Arbitration Agreement
[11] In terms of clause 13.6 of the Appointment Agreement the arbitrator had the fullest and freest discretion with regard to the proceedings and his award was final and binding on the parties to the dispute. Furthermore, the arbitrator could dispense wholly or in part with formal submissions or pleadings. Clause 13.6.2 will determine the applicable procedure taking into account the fact that it is intended that the dispute will be determined as quickly as possible and shall not be bound by strict rules of evidence and shall be entitled to take equity into account.

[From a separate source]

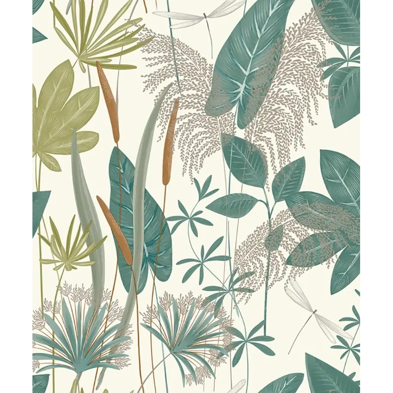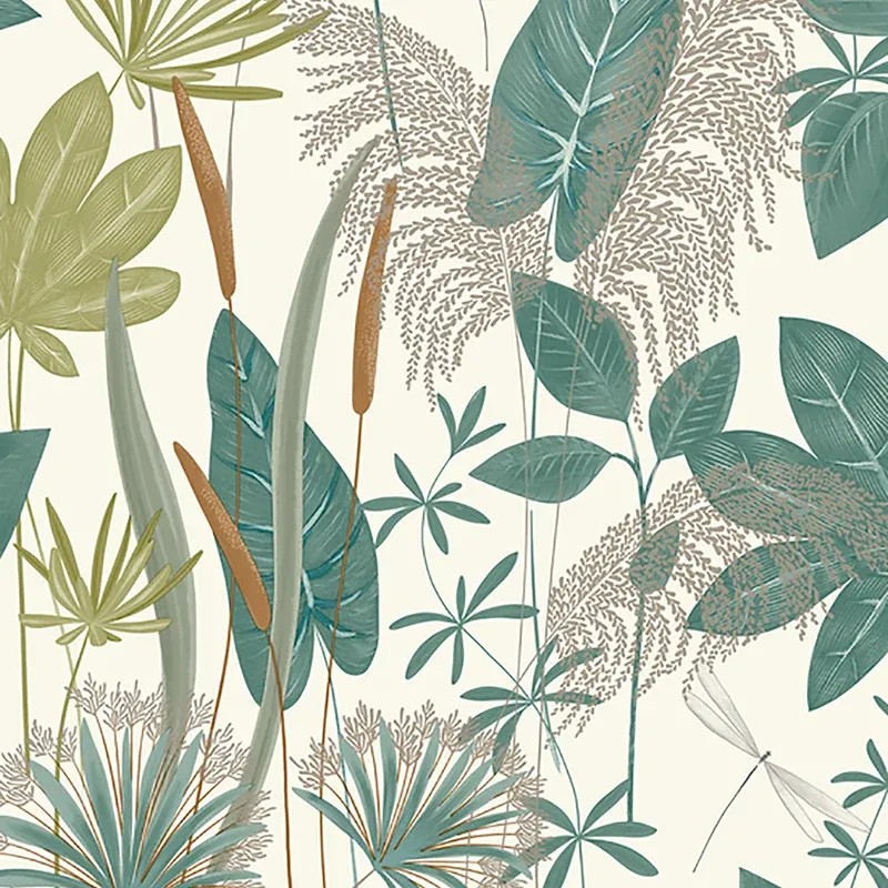 Papel pintado floral hojas silvestres verde. Crea un ambiente acogedor ideal para tu rincón de lectura. Ideal para quienes buscan calidez y estilo.

[12] The arbitrator stated that he was persuaded by the first respondent’s submissions and concluded that the claimant should not be permitted to reopen its case in effect to remedy what was perceived to be shortcomings in the evidence and the report filed by Mr Ellmer. The arbitrator had decided that in the light of the duration of the matter and the agreed intention of the parties that the dispute would be determined as quickly as possible he decided that the claimant should not be allowed to reopen the evidence-in-chief of Mr Ellmer and thus refused the application.
The four year chronology
[13] There was a chronology presented by the first respondent that demonstrated the lengthy period that this arbitration has taken. Just by way of background the construction commenced in September 2007. Hemmingway’s is a shopping centre in East London in the Eastern Cape.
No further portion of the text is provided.